7. The method of claim 1, further including sending a confirmation that a remediation has been successfully performed.

8. The method of claim 1, wherein the first set of remediations are associated with a mobile communications device.

9. The method of claim 1, wherein the first set of remediations are associated with a mobile computing device.

10. A method for managing remediation of a plurality of mobile units, comprising:

providing a set of remediations;

partitioning the set of remediations into local remediations and remote remediations;

providing the local remediations within the mobile units;

providing the remote remediations within a server physically separated from the mobile units;

remediating a state detected when a condition at the mobile units is met based on the set of remediations.

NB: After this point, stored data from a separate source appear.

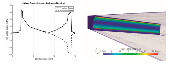 Figure 14 shows the normal stresses in the thickness of the ski (on the symmetry plane and the position where the load was applied—0 corresponds to the bottom part) during the three-point-bending test. Figure 15 refers to the bending-torsion test.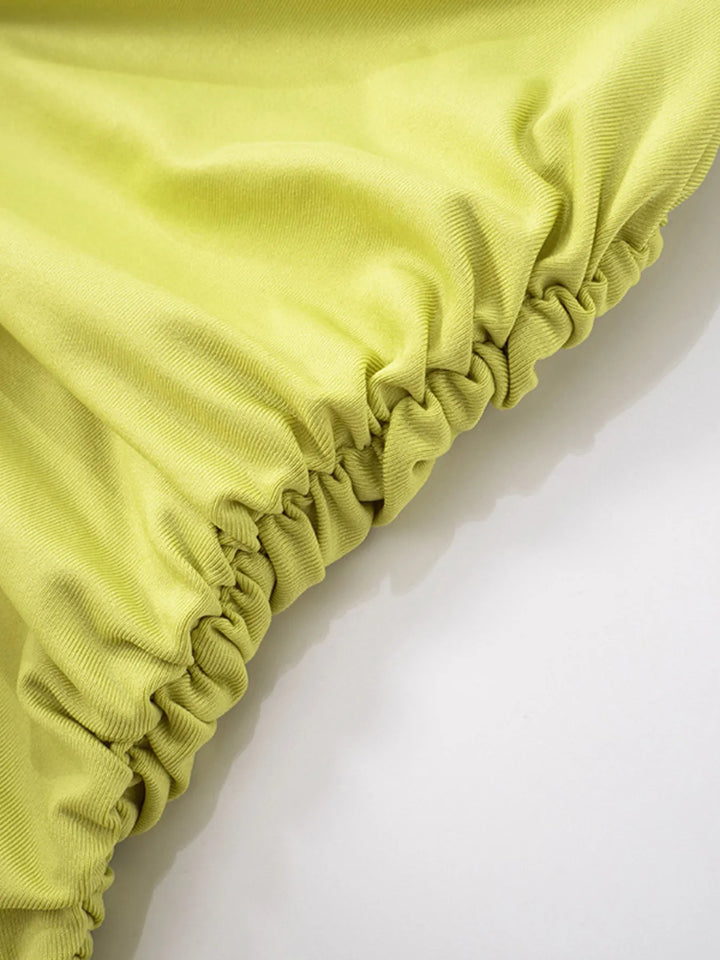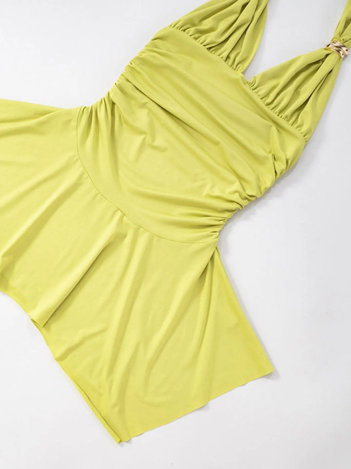 This chic asymmetrical mini dress features ruched details and tie accents, creating a flattering silhouette. Crafted from lightweight polyester with a touch of stretch, it’s perfect for nights out, parties, or elegant summer occasions.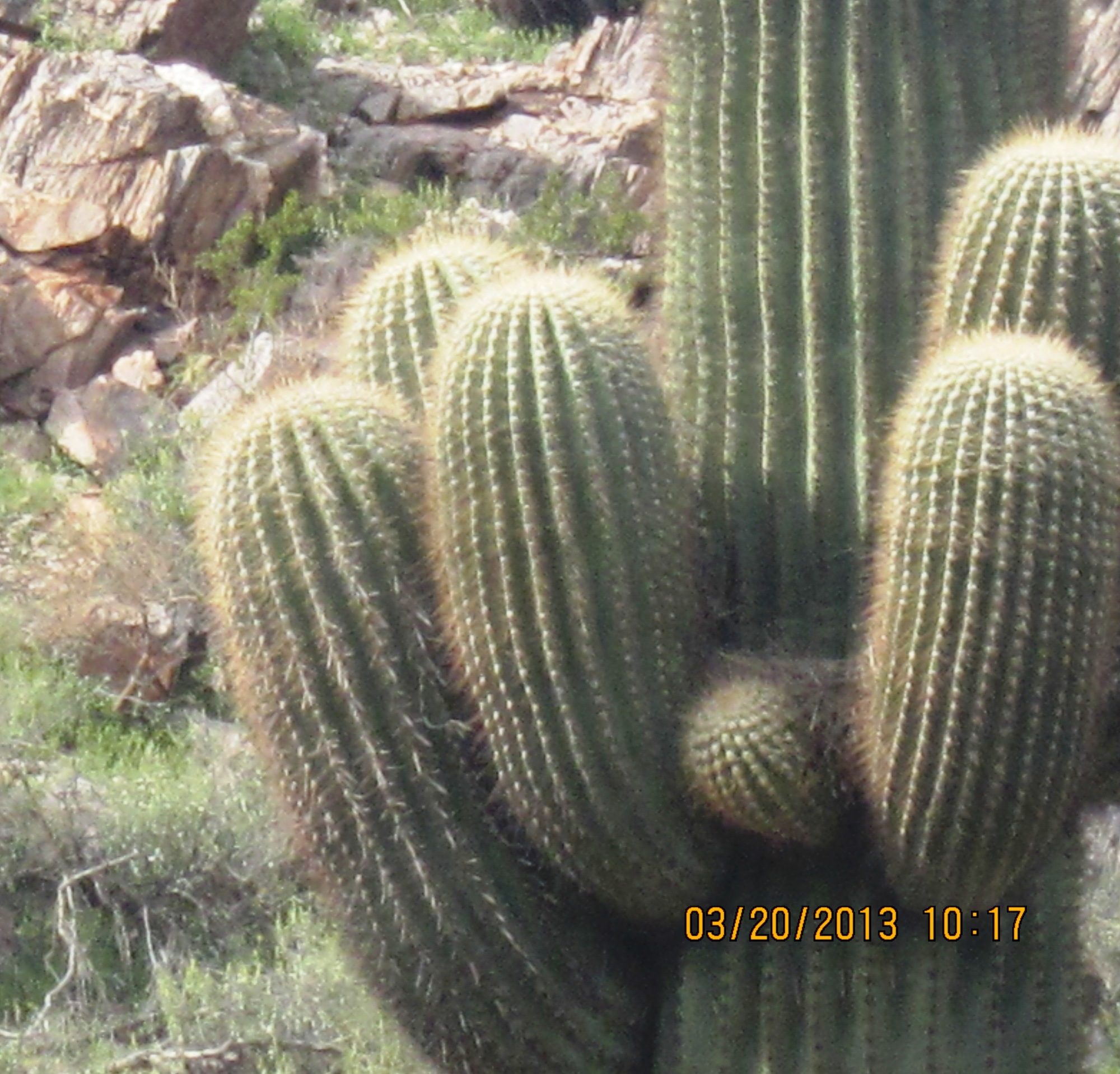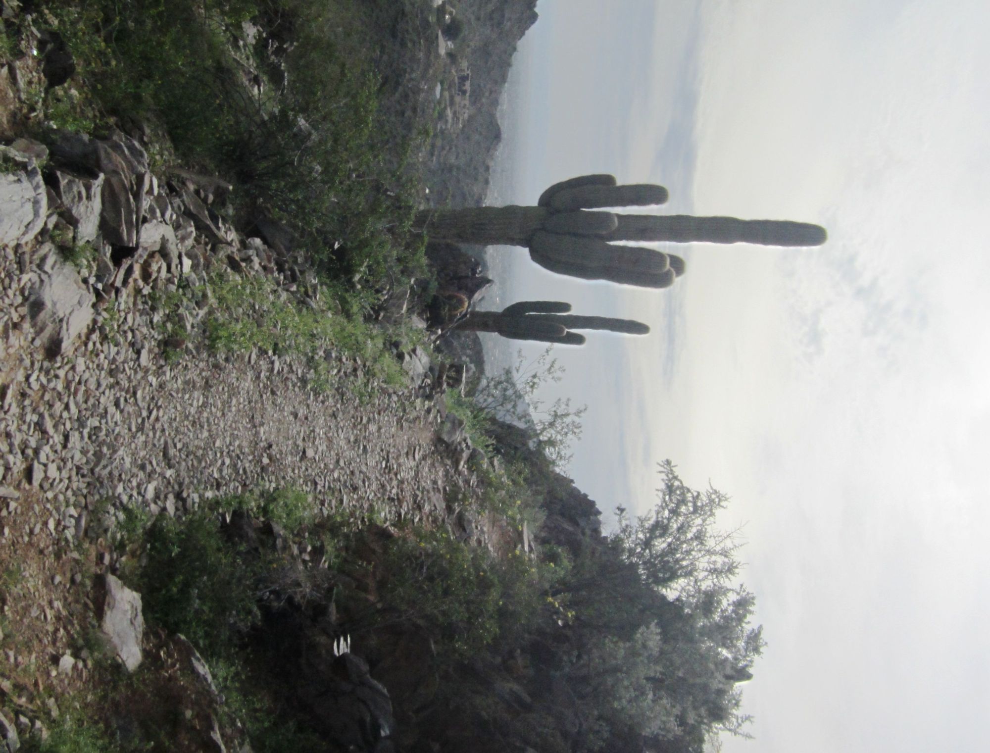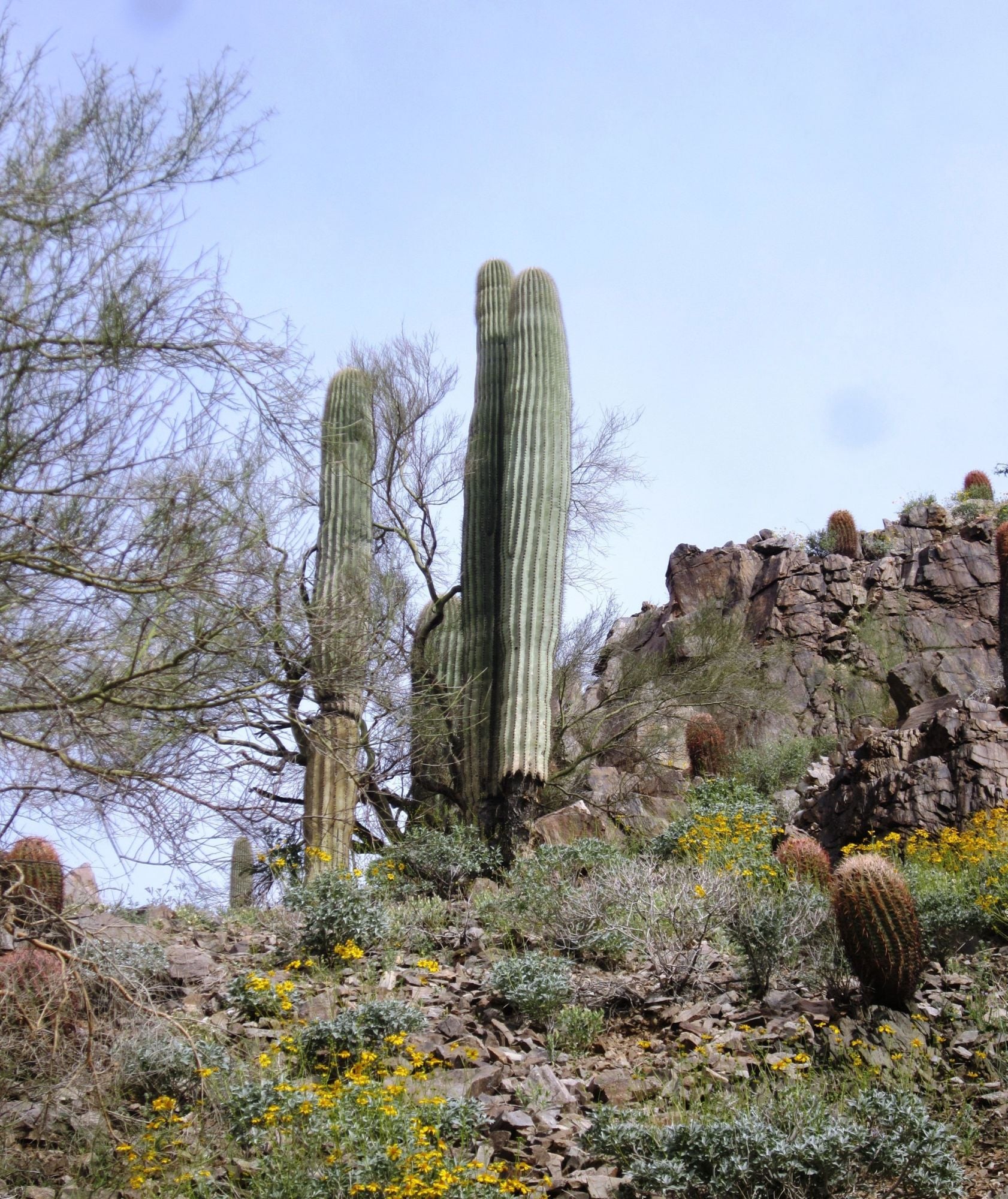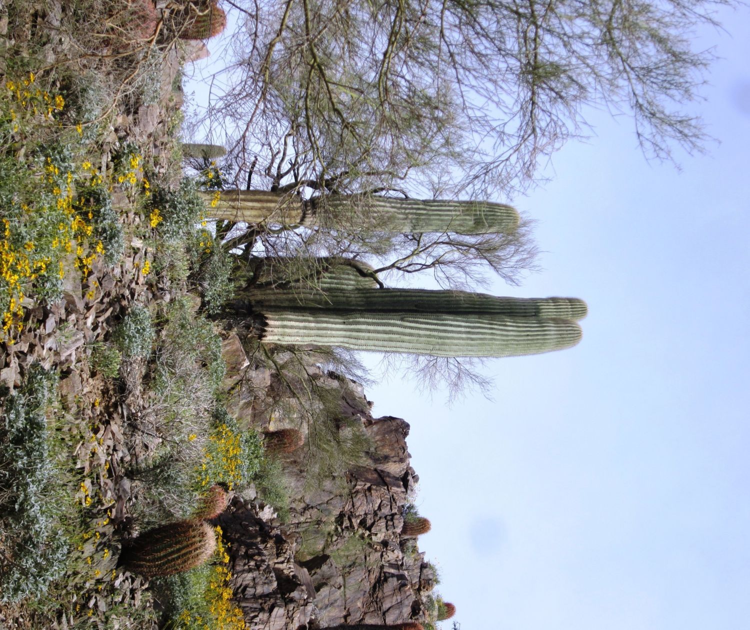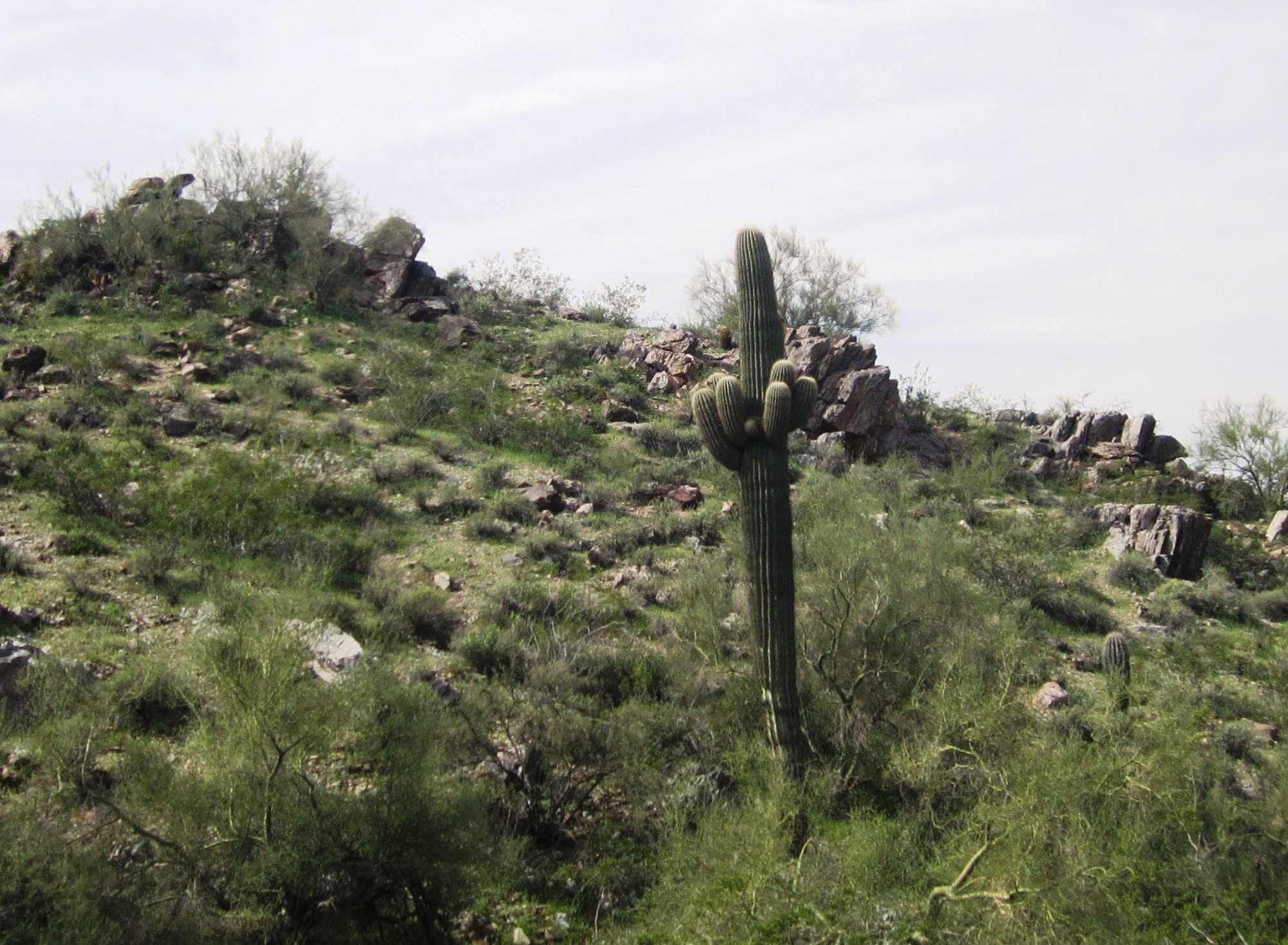 A very young (40 or 50 year old) saguaro, growing in the shade of a Palo verde tree.

11. The method of claim 10, wherein the local remediations are transmitted to the mobile units via a network.

12. The method of claim 10, wherein the set of remediations are associated with a mobile telephone device.

13. The method of claim 10, wherein each remediation comprises a condition and an action.

14. The method of claim 13, where each condition and each action is configurable by a user.

15. A mobile unit management system comprising:

a central server having a first set of remediations stored therein;

a mobile unit having a second set of remediations stored therein;

wherein each of the first and second set of remediations includes a configurable condition and a configurable action; and

wherein, when a particular configurable action is experienced by the mobile unit, a remediation is applied autonomously and locally within the mobile unit based on whether the particular configurable action is within the second set of remediations.

16. The mobile unit management system of claim 15, wherein the second set of remediations is a subset of the first set of remediations.

17. The mobile unit management system of claim 15, wherein the configurable condition comprises Boolean combinations of other conditions.

18. The mobile unit management system of claim 15, wherein the mobile unit is configured to send a confirmation message to the central server indicative of the success of the remediation.